«Io, 50mila euro persi nel poker. E vi svelo il lato oscuro del calcio: partite truccate, presidenti coinvolti e calciatori schiacciati dai debiti»

Un fiume in piena, ma nell’ombra. L’intervista rilasciata da un ex calciatore rimasto anonimo ai microfoni de Il Giorno apre uno squarcio inquietante sul sistema delle scommesse clandestine e della ludopatia nel mondo del calcio. Un racconto che parte da esperienze personali e si allarga a quello che viene descritto come un sistema marcio, fatto di silenzi, complicità e abitudini radicate.
«Il calcioscommesse? Le partite aggiustate? La ludopatia? Non c’è da stupirsi – esordisce l’ex tesserato – è da sempre che in campo funziona così, e i primi colpevoli sono certi personaggi ai vertici del sistema. Presidenti compresi… Poi c’è l’irresponsabilità e la leggerezza dei giocatori. Io per primo. Mi spiace però che ragazzi giovani e nel giro della Nazionale ci siano finiti dentro».

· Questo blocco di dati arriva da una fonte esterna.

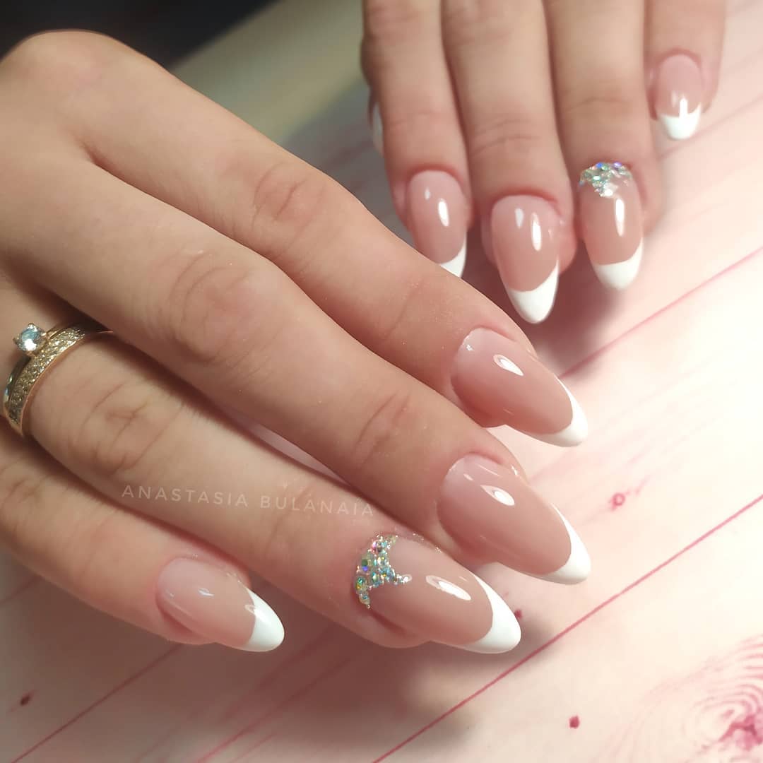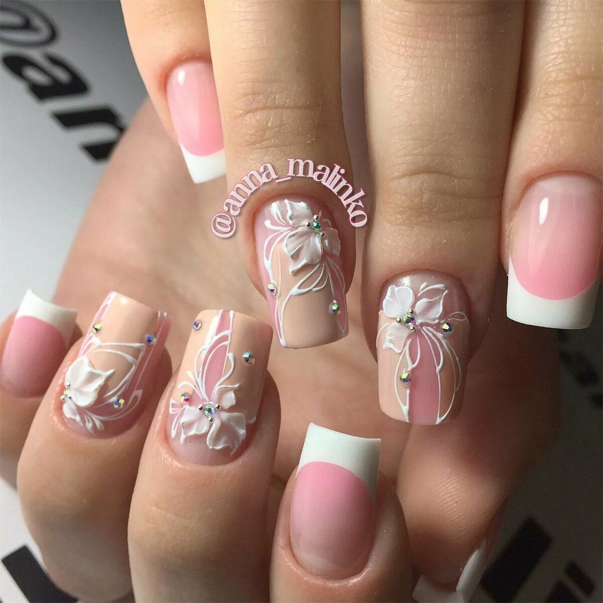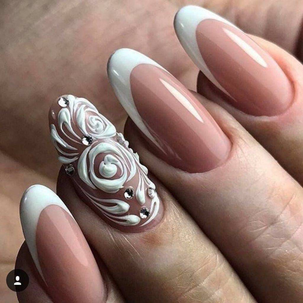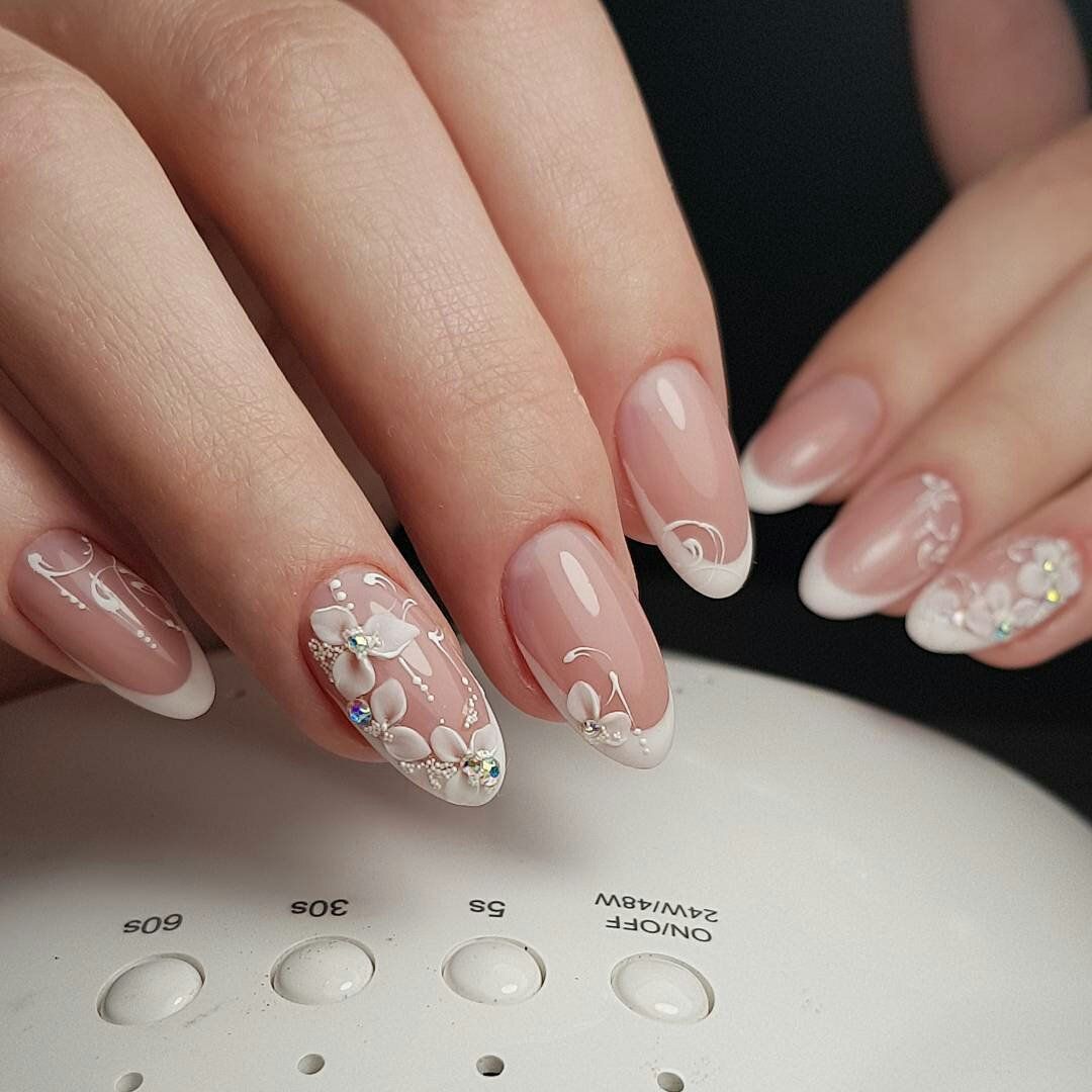 Французский свадебный маникюр дает большой полет для фантазии и творчества. На нем замечательно смотрятся:

Il quadro che emerge è preoccupante. Secondo la fonte, fino a pochi anni fa, l’80% di calciatori e dirigenti scommetteva, spesso tramite prestanome. «Ho visto cose assurde – racconta – durante serate di poker bastava un clic per puntare diecimila euro. Un ex calciatore molto noto giocava con noi, scommetteva compulsivamente. Una volta puntò sul 3-3… e quella partita finì davvero 3-3».

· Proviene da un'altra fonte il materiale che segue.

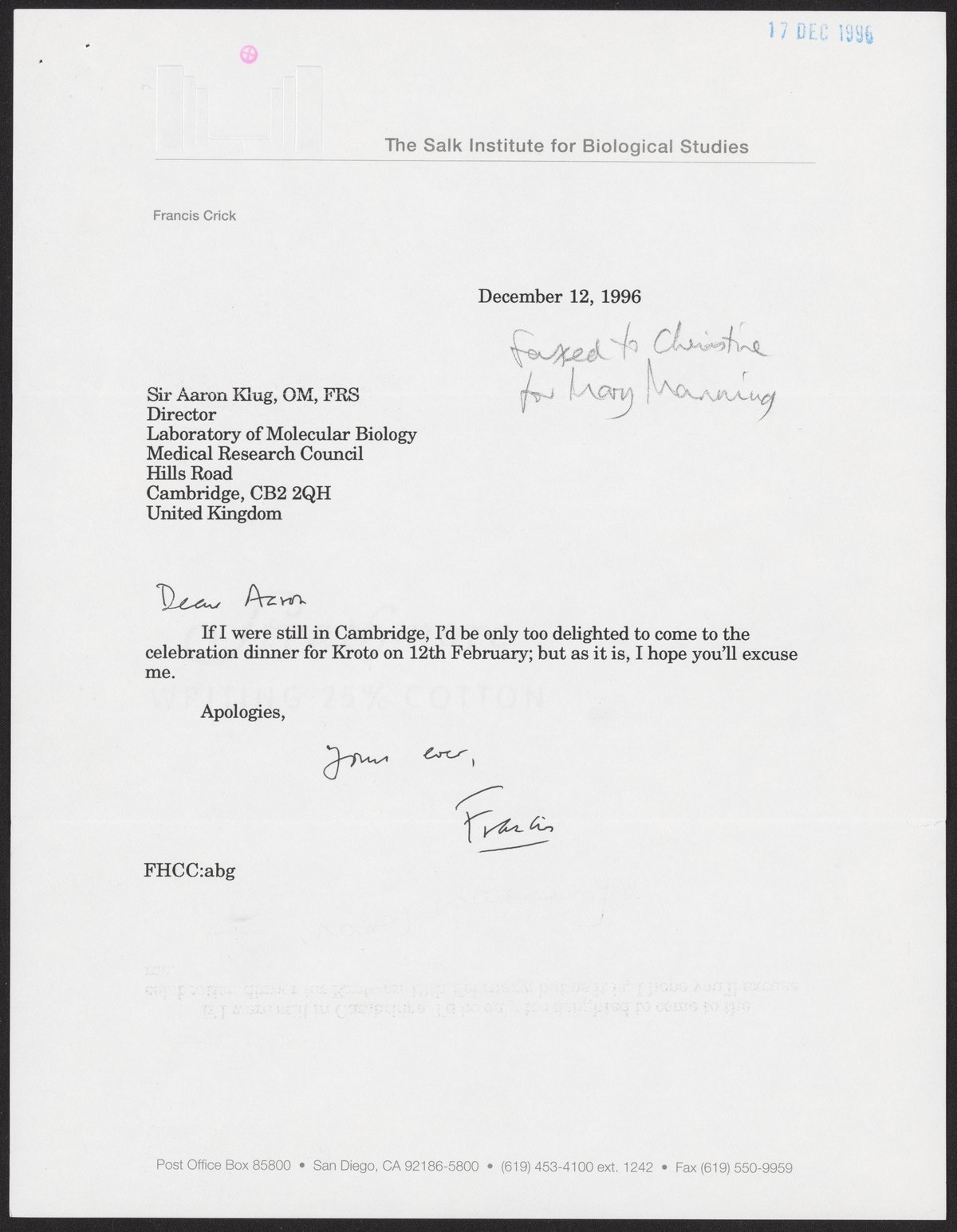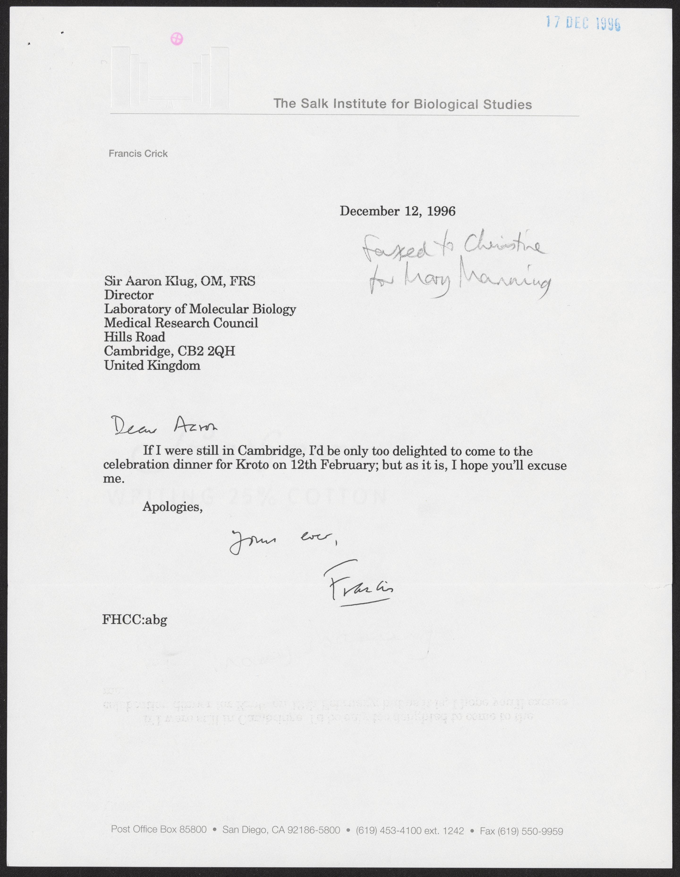 Letter from Francis Crick to Aaron Klug, December 12, 1996

Il racconto si sposta poi su un piano ancora più ampio, con riferimenti a inchieste passate e contesti internazionali. «Negli anni sono emerse decine di partite truccate in Europa. In paesi poveri come Romania, Grecia o Bulgaria è più facile corrompere giocatori e arbitri, che magari guadagnano mille o duemila euro al mese. Ma anche in campionati importanti come quello tedesco o inglese succedeva. Ricordo che una squadra di Premier, molto blasonata, perse malamente in casa contro una piccola: si diceva che servissero soldi e che la società avesse “sistemato” il risultato».
L’aneddoto più eclatante, però, è legato a un presidente di club italiano. «Pochi anni fa – rivela l’ex calciatore – un presidente si comprò dieci partite per salvarsi: le pagò 200mila euro ciascuna, spese due milioni in tutto. Ma scommetteva anche, e si mise in tasca qualcosa come tre o quattro milioni. Nessuno fece nulla, anche se molti sapevano».
Il focus poi si sposta sulla Serie C, definita «allo sbando»: «Ci sono presidenti che non pagano stipendi da cinque o sei mesi. E quando un calciatore guadagna 3-4 mila euro al mese, dove li trova i soldi per vivere e pagare l’affitto? Finisce per “aggiustare” le partite. Lo fanno in tanti. I presidenti si lavano le mani e negli spogliatoi dicono: fate come volete».